Русское мессианство. Профетические, мессианские, эсхатологические мотивы в русской поэзии и общественной мысли - Александр Аркадьевич Долин
Шрифт:
Интервал:
Закладка:
П. Флоренский видел в финале поэмы апофеоз блоковского демонизма. Ф. Степун в работе «Путь Александра Блока от Соловьева к Ленину» прямо указывает на антихристову сущность героя финала. В сборнике «Из глубины» Аскольдов, например, трактует Ленина как воплощение Антихриста, а революцию — как приход антихристова царства. С. Булгаков видел в блоковском финале самозванца, «обезьяну Христа». Луначарский, со своей стороны, сожалел, что поэт не заменил Христа вождем революции.
В интерпретации ортодоксальной советской критики, Блок предсказал победу революционного порядка над хаосом анархии. Однако сегодня можно сказать иначе: Блок предсказал торжество террора и хаоса над всем, что было для него дорого в России. Ночь и вьюга — вот образы, доминирующие в поэме. Россия, погрузившаяся во мглу, отданная на растерзание вихрю революции. И Христос благословил торжество тьмы! Для Блока, поэта мистического религиозного чувства, сама мысль о том, что Бог потворствует стихии террора и воплотившим ее насильникам «без креста», должна была быть мучительна, но он долгое время упорствовал в своем «сакральном видении» революции. К. Чуковский в своих воспоминаниях приводит типичный для того периода эпизод: «Как-то в начале января 1918 года он был у знакомых и в шумном споре защищал революцию октябрьских дней. Его друзья никогда не видели его таким возбужденным. Прежде спорил он спокойно, истово, а здесь жестикулировал и даже кричал. В споре он сказал между прочим:
— А я у каждого красноармейца вижу ангельские крылья за плечами» (‹185>, с. 223).
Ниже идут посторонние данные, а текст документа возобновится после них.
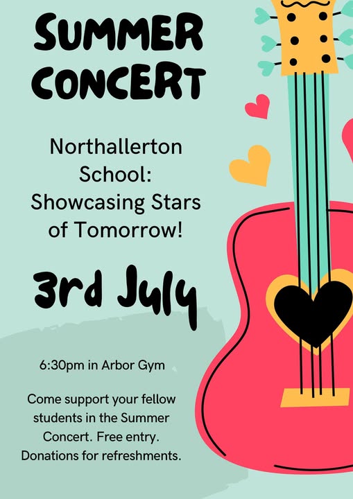 Northallerton School Summer Concert - SAVE THE DATE 📅 Thursday, 3rd July | 6.30pm in the Arbor Gym. |🎤 An Evening of Talent, Music & Community Our students are getting ready to light up the stage with their incredible talent. Let’s come together as a school community to celebrate creativity, confidence, and the joy of performance. (fb)

Конечно, и Христос во главе антихристова воинства, и ангельские крылья за плечами красноармейцев были в значительной степени данью мистической риторике. В действительности Блок, внешне принявший лозунги большевистской пропаганды и даже при случае охотно их повторявший в своих выступлениях, не мог избавиться от эсхатологических предчувствий — в которых, впрочем, обозначилась большая путаница. В письме З. Гиппиус от 31.5.1918 г. Блок, пытаясь оправдать свою позицию, объясняет переход на сторону «варваров» факторами, весьма далекими от принятия большевистской идеологии: «Не знаю (или знаю), почему Вы не увидели октябрьского величия за октябрьскими гримасами, которых было очень мало — могло быть во много раз больше.
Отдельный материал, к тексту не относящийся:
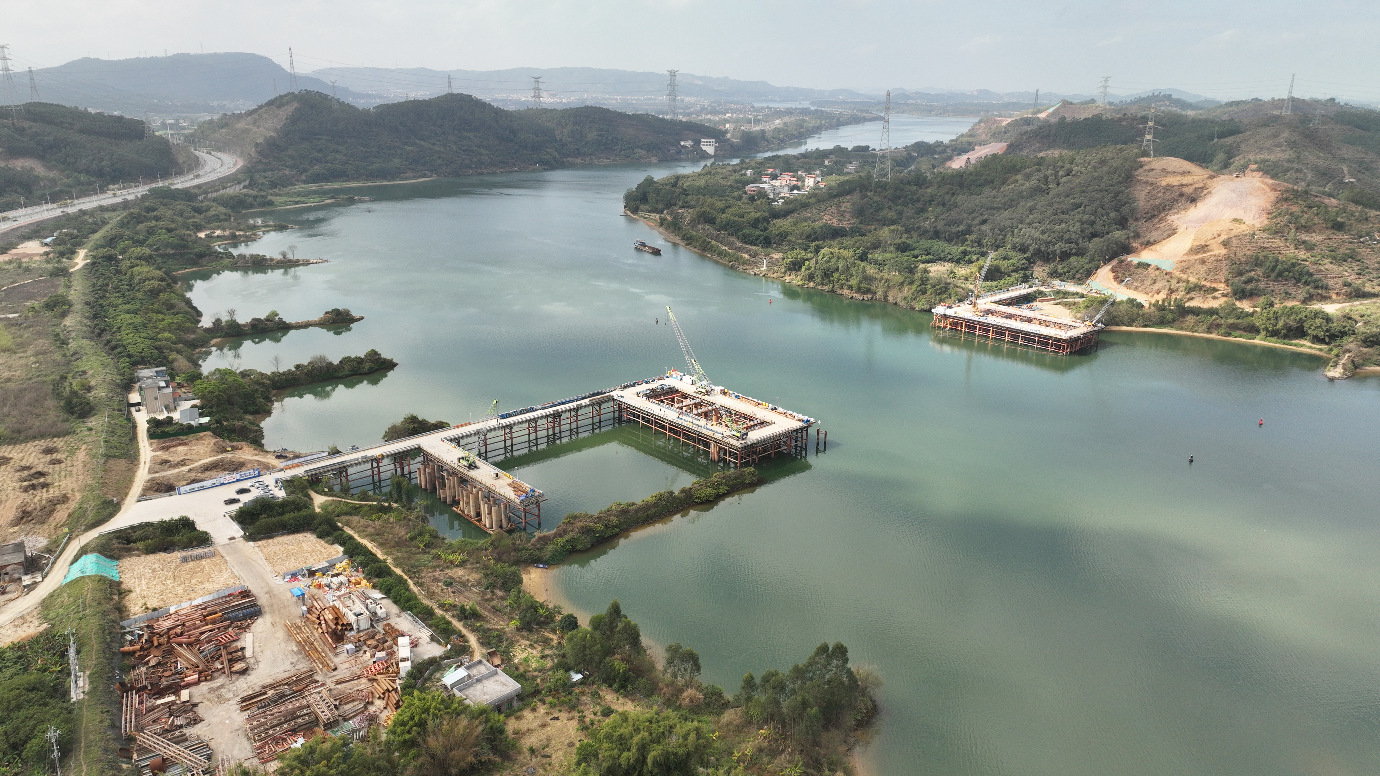 2月18日,惠肇高速控制性工程?hào)|江特大橋緊張施工中。 惠州日?qǐng)?bào)記者鐘暢新 攝

Неужели вы не знаете, что „России не будет“, так же, как не стало Рима не в V веке после Рождества Христова, а в 1-й год I века?
Также не будет Англии, Германии, Франции. Что мир уже перестроился? Что „старый мир“ уже расплавился?» (‹185>, с. 227).
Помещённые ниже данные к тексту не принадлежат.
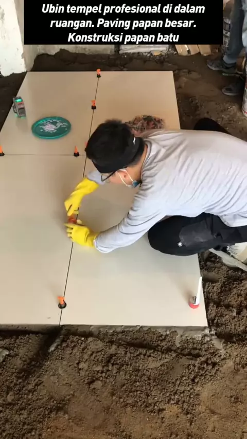 Ubin tempel profesional di dalam ruangan. Paving papan besar. Konstruksi papan batu

При том, что качество самой поэмы «Двенадцать» в контексте творчества Блока остается достаточно сомнительным, и поэма сегодня едва ли может служить объектом восхищения, именно странный визионерский финал продолжает дразнить своей загадочностью и в наши дни, отмеченные очередным «крушением гуманизма» в одной, отдельно взятой стране. Свидетельством тому симпозиум «Финал „Двенадцати“ — взгляд из 2000 года» с участием девяти авторитетных критиков-интерпретаторов, проведенный на страницах журнала «Знамя». Так, рассуждая о значении образа Христа в финальных строках, С. Аверинцев подчеркивает ницшеанство Блока, его тягу к игре стихий, катастрофичность мышления, утверждая, что «поэт не учитель и не лжеучитель, не пророк в библейском смысле, но и не лжепророк, а скорее тот, кто силой своего искусства объективирует привидевшееся» (‹201>, с. 191). Таким образом, конкретика образа Христа есть всего лишь производное от мистического внутреннего видения образа. В. Александров, ссылаясь на слова Б. Эйхенбаума о том, как Блок «распинает себя на кресте революции», видит во всей поэме крестный путь к страшному концу, делая многозначительный вывод: «„Двенадцать“ — апокалиптическая поэма, а потому, быть может, самое религиозное произведение Александра Блока» (там же, с. 195). Вывод заманчивый, но сама драматургия поэмы, если отделить неожиданный мистический конец, едва ли соответствует апокалиптическим представлениям эпохи.
Другие критики упоминают о христианстве Третьего Завета (по Мережковскому), которым мог увлечься Блок в тот период (Н. Богомолов) или о смиренном подчинении авторитету Церкви — но при этом отмечают, что Иисус у Блока далек от канонического изображения (Н. Котрелев).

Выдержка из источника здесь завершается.